Thursday, 22 June 2017

The Social and the Technological: Rethinking each in light of the other

In June of 2008, former Nature and Science editor Chris Anderson wrote a rather controversial article for Wired magazine. Titled The End of Theory: The Data Deluge Makes the Scientific Method Obsolete, Anderson opined that the “petabyte age” and the rise of big data has started to undermine the very foundations of what is the dominant paradigm of scientific research today: with the massive sets of data that we have in our hands, the traditional scientific method of sampling, hypothesis testing, and using theory to ground causal explanations is losing out to the power of pure correlation.


“Correlation is enough.” , he declared. “We can stop looking for models. We can analyze the data without hypotheses about what it might show. We can throw the numbers into the biggest computing clusters the world has ever seen and let statistical algorithms find patterns where science cannot.”

This is in many ways a very interesting idea to entertain in one’s head. More relevant however, is the tension in science and technology literature that this idea points towards. To understand it better let me bring up one of the more popular critiques of big data today: opacity.

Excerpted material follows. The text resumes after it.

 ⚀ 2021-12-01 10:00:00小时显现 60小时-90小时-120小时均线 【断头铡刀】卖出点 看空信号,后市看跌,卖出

While data evangelists have a tendency to wax lyrical about how larger and larger datasets and increasing access to more data makes the world more transparent (I chortle every time Mark Zuckerberg mentions “Facebook” and “open” in the same sentence, but that is besides the point), a lot of our behaviors today is governed by the ways in which our data is used - and we don’t quite know what these ways are. Don’t get me wrong here: I’m not necessarily saying that it’s a bad thing (or that it’s not a bad thing either); I’m merely making an observation of how our behavior has been adapted by and continues to be mediated through these data regimes.

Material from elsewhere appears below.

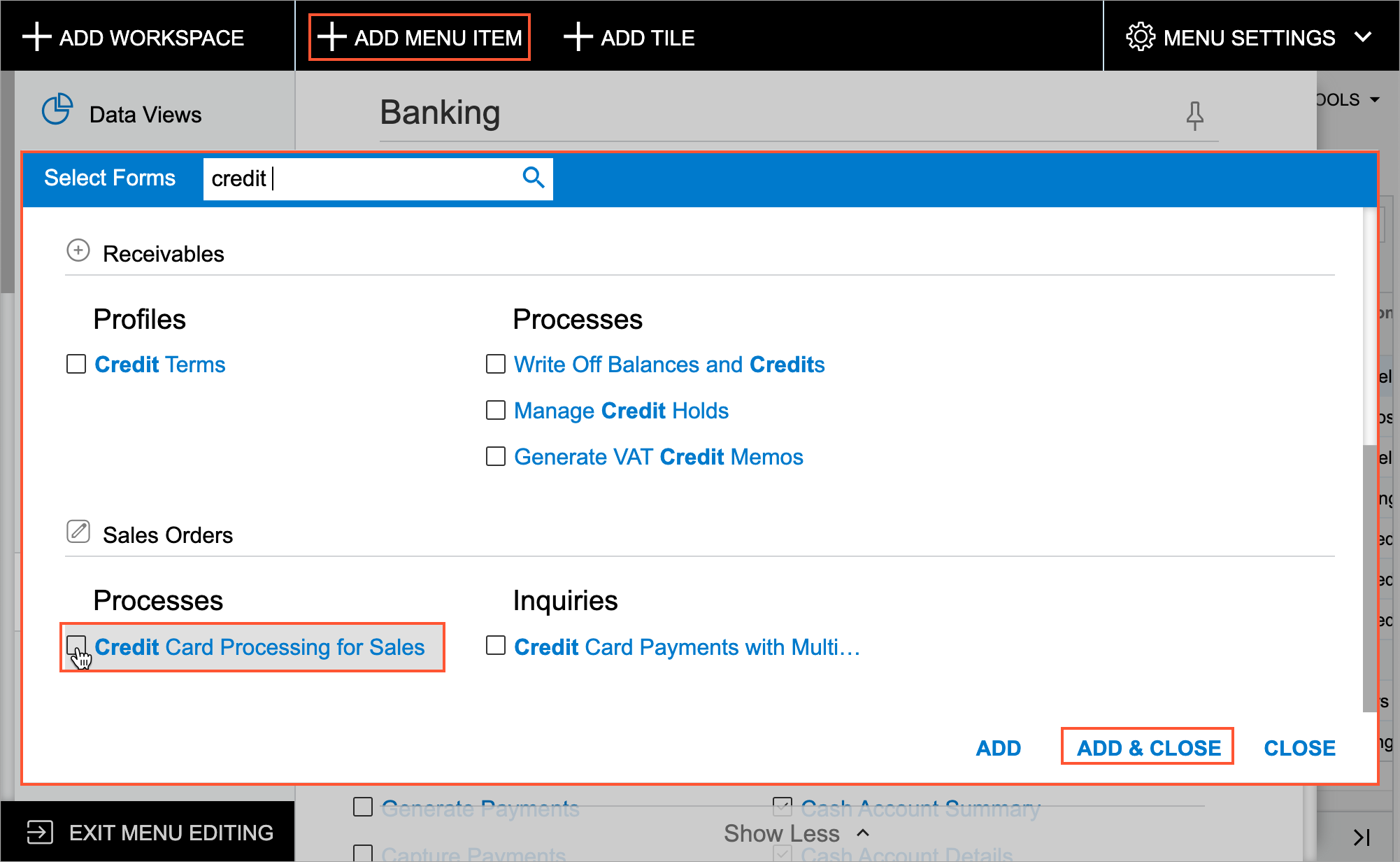 In Menu Editing mode, you open the needed workspace. You click Add Menu Item on the top toolbar. In the Select Forms dialog box, which opens, you search for the needed form, report, or dashboard by typing its name or identifier in the Search box. To add the item, you select the check box next to it and click Add and Close to exit the dialog box (see the following screenshot).

Consider the simple case of Amazon recommendations. In the pre-Amazon age, retailers and advertisers just didn’t have the means to advertise products to us based on what they knew who we were. Sure, there were (and still are) strategically placed billboards that shout out their ever-persuasive messages to all and sundry, and yes, we often found vouchers and discount coupons slid under our door, but the fact that someone buying a certain book might be indicative of their interest in another book - was the  evidently obvious psychological goldmine that Amazon tapped into. Thus, when you add Watchmen to your cart, Amazon can say with reasonable accuracy that you’ll probably like V for Vendetta too - and thus shows it to you. You probably never had the intention of buying V for Vendetta (at least not at that moment), but now, upon seeing it right there in front of you, you think. The moment you take that second to think - leave alone actually adding it to your cart and buying it - is a win for Amazon. That is behavior that you wouldn’t have otherwise shown had you not been targeted by Amazon in this manner. If then, you go ahead and actually buy V for Vendetta - you’ve made a conscious decision to spend money, and add a new book to your library, because of the “hidden” ways in which Amazon used your data and advertised the book to you.

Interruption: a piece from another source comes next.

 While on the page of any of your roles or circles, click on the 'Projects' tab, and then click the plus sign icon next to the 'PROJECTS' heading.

Let’s take a step back and assess the same scenario through the lens of Chris Anderson. Why do recommender systems work like they do? Decades of psychology, communication, and human behavior research can offer us a treasure trove of theories regarding why we tend to like similar things - but do any of those theories play any significant role in guiding Amazon’s recommender systems? No. Amazon’s algorithms can’t care less about why someone who liked Watchmen probably also likes V for Vendetta - as long as they just do. And how does Amazon know that they do? Because, data. That’s right, Amazon just knows that thousands of people who have bought Watchmen have also bought V for Vendetta, so pure Bayesian statistics dictates that a person buying the former has a high propensity towards buying the latter, whether they want it in the first place or not. As Steve Jobs famously said, “a lot of times, people don’t know what they want until you show it to them.” The fact that around 35% of Amazon’s sales comes through recommendations only proves how brutally effective it is (source). Moreover, even their brick-and-mortar store in Seattle has embraced their recommender algorithm - thus pointing at how the same “hidden ways” are setting a precedent of how bookstores of the future could look like.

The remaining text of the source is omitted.